[GIVEN INFORMATION — start]

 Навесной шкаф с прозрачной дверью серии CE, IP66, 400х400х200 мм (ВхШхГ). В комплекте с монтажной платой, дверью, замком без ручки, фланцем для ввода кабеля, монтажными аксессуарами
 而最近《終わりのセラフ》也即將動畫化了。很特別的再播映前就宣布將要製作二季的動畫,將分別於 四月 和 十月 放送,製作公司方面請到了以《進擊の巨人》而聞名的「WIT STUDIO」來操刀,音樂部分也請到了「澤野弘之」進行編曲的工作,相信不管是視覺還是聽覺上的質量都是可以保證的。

[GIVEN INFORMATION — finish]
[GIVEN INFORMATION — start]

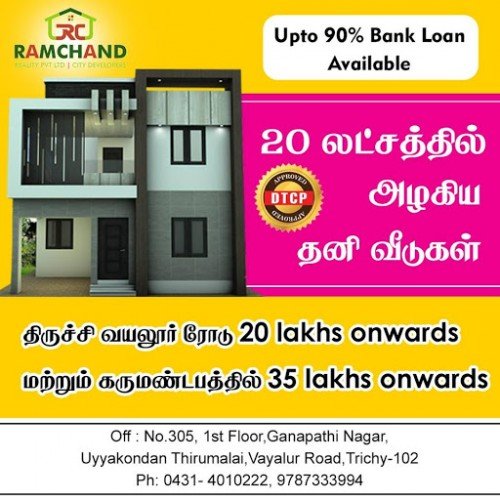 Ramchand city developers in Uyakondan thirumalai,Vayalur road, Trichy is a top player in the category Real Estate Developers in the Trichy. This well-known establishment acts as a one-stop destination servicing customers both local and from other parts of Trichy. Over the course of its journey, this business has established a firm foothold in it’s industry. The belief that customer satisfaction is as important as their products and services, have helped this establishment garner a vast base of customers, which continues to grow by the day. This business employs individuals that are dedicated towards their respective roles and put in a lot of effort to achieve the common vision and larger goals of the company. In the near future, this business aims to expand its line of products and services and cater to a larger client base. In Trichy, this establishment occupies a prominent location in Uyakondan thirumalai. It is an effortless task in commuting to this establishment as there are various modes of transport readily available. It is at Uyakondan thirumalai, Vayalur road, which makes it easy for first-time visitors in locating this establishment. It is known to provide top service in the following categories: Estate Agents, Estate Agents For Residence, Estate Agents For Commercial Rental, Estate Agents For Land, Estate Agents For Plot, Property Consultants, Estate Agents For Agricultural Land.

[GIVEN INFORMATION — finish]

The range runs from the line with "Навесной шкаф с" up to and including the line with "而最近《終わりのセラフ》也即將動畫化了。很特別的再播映前就宣布將要製作二季的動畫,將分別於 四月 和" in the listing above; please write out exactly those lines and nothing more.

▶ _RESPONSE BELOW_
 Навесной шкаф с прозрачной дверью серии CE, IP66, 400х400х200 мм (ВхШхГ). В комплекте с монтажной платой, дверью, замком без ручки, фланцем для ввода кабеля, монтажными аксессуарами
 而最近《終わりのセラフ》也即將動畫化了。很特別的再播映前就宣布將要製作二季的動畫,將分別於 四月 和 十月 放送,製作公司方面請到了以《進擊の巨人》而聞名的「WIT STUDIO」來操刀,音樂部分也請到了「澤野弘之」進行編曲的工作,相信不管是視覺還是聽覺上的質量都是可以保證的。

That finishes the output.